Ромка так захохотал, что на него стали оглядываться туристы. А Шур мечтательно улыбался.

— Теперь ей в этом самом Веснушке — всё-всё на свете. Остальное отлетело. И что мать говорит, её не колышет. Ей от всего теперь хорошо. И оттого, что её ругают, тоже хорошо.

— Откуда знаешь?

— Читал.

— Эх, влюбиться бы! — размечтался Ромка. — Ким бы ругал меня, а я б — улыбался! Во жись!

Глава 8. Что же всё-таки главное?

Улыбка с лица Ромки исчезла, брови сдвинулись:

— Ты что опять делаешь? Ах ты, пузан-хулиган! Я тебя предупреждал!

Мальчишка, тот самый, что в «Пустых Морквашах» кидал в воду кошку, шёл по верхней палубе, держа в кулаке кусочек мела. (Где он его взял, неизвестно). Шёл и черкал мелом всё, что попадалось на пути. Стену, двери, пол, стулья, столы… Черкал с удовольствием, будто делал что-то хорошее и нужное.
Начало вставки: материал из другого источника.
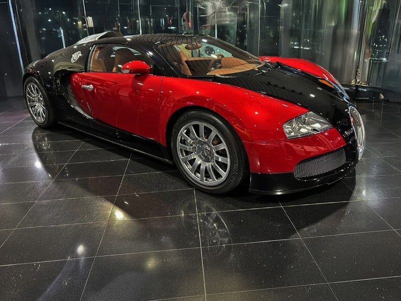 This is a 2009 Bugatti Veyron 16. 4, a GCC-spec model. The exterior features a striking color scheme with a black base and Italian Red accents. The interior is finished in an elegant brown, creating a truly exclusive atmosphere. The vehicle is in excellent condition, protected by a new paint protection film (PPF) that is guaranteed for 10 years. It also has brand-new tires and has been fully maintained. The car is currently located in Dubai and is highly sought after in the GCC market. It's a very attractive option for anyone looking for a special edition Veyron

Ромка в три прыжка подскочил к нему, выхватил из ручонки мел и исчеркал на нём, на мальчишке, трусы, майку, даже по курносому носу провёл меловую линию. Мальчишка страшно удивился, увидев здесь Ромку: это же была не их палуба, а чужая, верхняя. Он сначала молча хлопал глазами от удивления, а потом, сообразив, наконец, что его измазали, ка-ак реванёт. Но туристы, бывшие поблизости, никак не прореагировали на этот рёв, и он быстренько его прекратил. Но стал гнусаво канючить:

— Ты измазал… зачем измазал… маме скажу, она тебе…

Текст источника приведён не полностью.